I believe God is preparing a special kind of hell for people like Patrick Crimmins. I predict that he will one day, here or hereafter, crawl on his knees to beg forgiveness of those whom he has wronged in this pogrom against the FLDS. For those who have suffered under the brutal thumb of these self-obsessed power mongers, take heart. God is watching. He will give the Patrick Crimmins of the world plenty of rope and then pull away the stool.
While God prepares his vengeance, Americans must act to deprive Crimmins-like creatures of the power to inflict similar harm on other families. The FLDS experience is isolated only in its size and scope. Thousands of other American parents and children suffer similar brutality every day across America, as CPS-like organizations prey on all walks of life under the banner of “saving the children.” They must be stopped through political and legal means. Until they are, we all live in the shadow of these, the ugliest of all Americans.
More on the story at the Globe and Mail.
{ 42 comments… read them below or add one }
Thomas Forguson 09.16.08 at 10:53 am
If you give people too much power, they will abuse it. Abuse of power goes to the heart of what has gone wrong here.
Abby 09.16.08 at 11:07 am
It’s a well known fact Kurt that girls were transported to and from canada for marriages. It’s called trafficking!
If it was found the girl is okay and she’s been returned back to canada, then they should be grateful. I see no need to apologize for LE doing their job.
Pliggy 09.16.08 at 11:28 am
Obviously Marrie you don’t know what “thier job” is.
Oh, and whoops, caught ya again:
“former FLDS members said the young women were taken across the border to be assigned as so-called celestial brides”

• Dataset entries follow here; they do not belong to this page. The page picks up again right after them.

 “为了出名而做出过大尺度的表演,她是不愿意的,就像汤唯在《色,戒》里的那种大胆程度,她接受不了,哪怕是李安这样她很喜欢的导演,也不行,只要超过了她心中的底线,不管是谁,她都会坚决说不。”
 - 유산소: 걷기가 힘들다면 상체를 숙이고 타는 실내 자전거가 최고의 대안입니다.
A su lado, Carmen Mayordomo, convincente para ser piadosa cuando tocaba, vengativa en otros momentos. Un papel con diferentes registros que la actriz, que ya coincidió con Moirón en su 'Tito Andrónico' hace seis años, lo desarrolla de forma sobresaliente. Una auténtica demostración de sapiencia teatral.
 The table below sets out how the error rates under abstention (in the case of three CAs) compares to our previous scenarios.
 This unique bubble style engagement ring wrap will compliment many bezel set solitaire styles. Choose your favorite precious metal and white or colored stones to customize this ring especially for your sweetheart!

You don’t know them, right?
R 09.16.08 at 11:54 am
If it was found the girl is okay and she’s been returned back to canada, then they should be grateful.

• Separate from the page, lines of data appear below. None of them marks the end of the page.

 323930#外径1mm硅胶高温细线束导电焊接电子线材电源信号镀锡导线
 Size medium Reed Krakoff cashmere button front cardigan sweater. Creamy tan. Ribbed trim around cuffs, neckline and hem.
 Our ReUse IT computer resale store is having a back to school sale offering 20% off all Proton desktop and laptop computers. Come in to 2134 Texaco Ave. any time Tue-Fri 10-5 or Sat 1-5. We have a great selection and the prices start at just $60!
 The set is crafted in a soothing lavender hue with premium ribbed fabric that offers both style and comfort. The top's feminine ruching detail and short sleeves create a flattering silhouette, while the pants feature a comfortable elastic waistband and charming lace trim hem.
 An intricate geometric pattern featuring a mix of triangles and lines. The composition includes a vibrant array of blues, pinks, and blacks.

Grateful for what? Could anyone explain what gives CPS jurisdiction over foreign nationals that aren’t long-term residents? Why, when learning some of the children were Canadian citizens (which they stated fairly early on, if not immediately), did they not contact the nearest consulate?

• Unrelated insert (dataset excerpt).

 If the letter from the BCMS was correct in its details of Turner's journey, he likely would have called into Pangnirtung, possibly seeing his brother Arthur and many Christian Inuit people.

Kurt Schulzke 09.16.08 at 11:57 am
Abby & All –
For future reference, I will delete comments on this blog that represent obvious copyright violations. For example, Abby’s immediate prior post copied the Globe & Mail article that was excerpted in the post.
If you want to refer to a short paragraph or two with your commentary, that’s a different matter.
K
Kurt Schulzke 09.16.08 at 12:01 pm
Abby –
The reason that CPS should apologize is that they removed children and separated them from their parents WITHOUT legal justification for doing so. This was the conclusion of two Texas appellate courts.
Abby, I hope that if your 5-year-old were to steal a baseball from a neighbor that you would insist that he/she return the ball with an apology.
If it’s good enough for a 5-year-old, why isn’t it good enough for Patrick Crimmins? Answer: He either grew up in a barnyard or he’s forgotten what his mother taught him. This is just basic common sense — a commodity in woefully short supply in Texas these days.
Speaking of which, how about them idiots who decided to build homes on Galveston Island?
K
April 38 09.16.08 at 12:34 pm
CPS in another state “saved” a couple of children we knew from a good adoptive family. (They had been removed originally from their natural family for good cause, like their dad raping them repeatedly and attempting to murder the older child.)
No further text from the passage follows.